**DATA SHOWN**
★ ★ ★ ★ ★
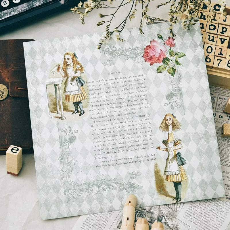 Бумажная подкладка Алиса в стране чудес junkжурнал, кардсток, чувство осени, декоративный дизайн, набор для упаковки подарков на фестиваль
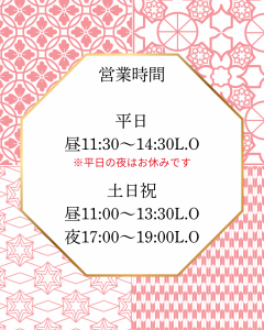 平日11;30~14:30L.O (従来より昼の営業時間が長くなります!)
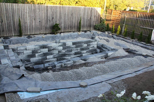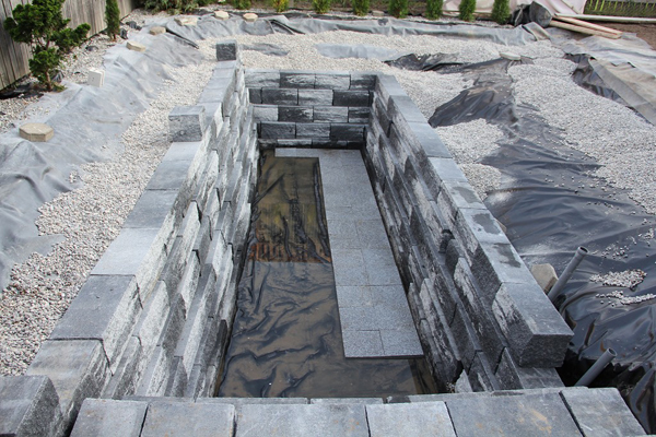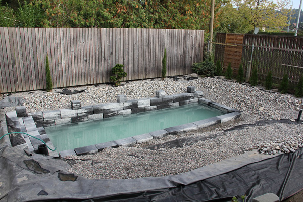 15. Seuraavaksi reunoille lisättiin kivimursketta ja allas muurattiin.
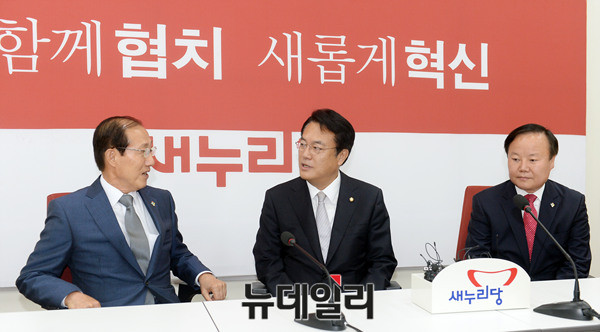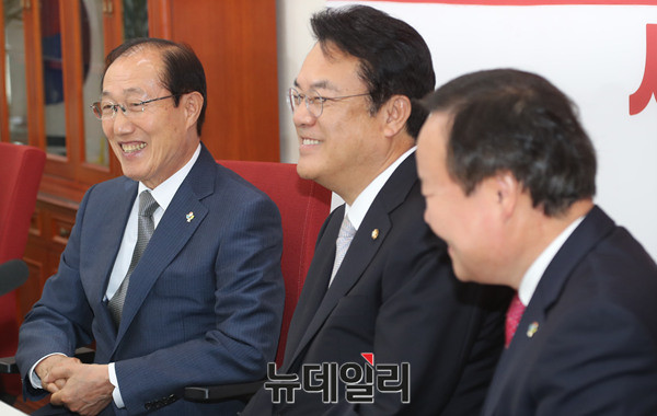 이원종 대통령 비서실장과 김재원 정무수석이 14일 오전 서울 여의도 국회 새누리당 원내대표실을 찾아 정진석 원내대표와 인사를 나누고 있다.
★ ★ ★ ★ ★
**HOW TO COMPLETE THIS TASK**
Leaving every picture out, write out exactly the lines from the one that holds "15. Seuraavaksi reunoille" through the end of the listing, both included.

**RESULT**
 15. Seuraavaksi reunoille lisättiin kivimursketta ja allas muurattiin.
 이원종 대통령 비서실장과 김재원 정무수석이 14일 오전 서울 여의도 국회 새누리당 원내대표실을 찾아 정진석 원내대표와 인사를 나누고 있다.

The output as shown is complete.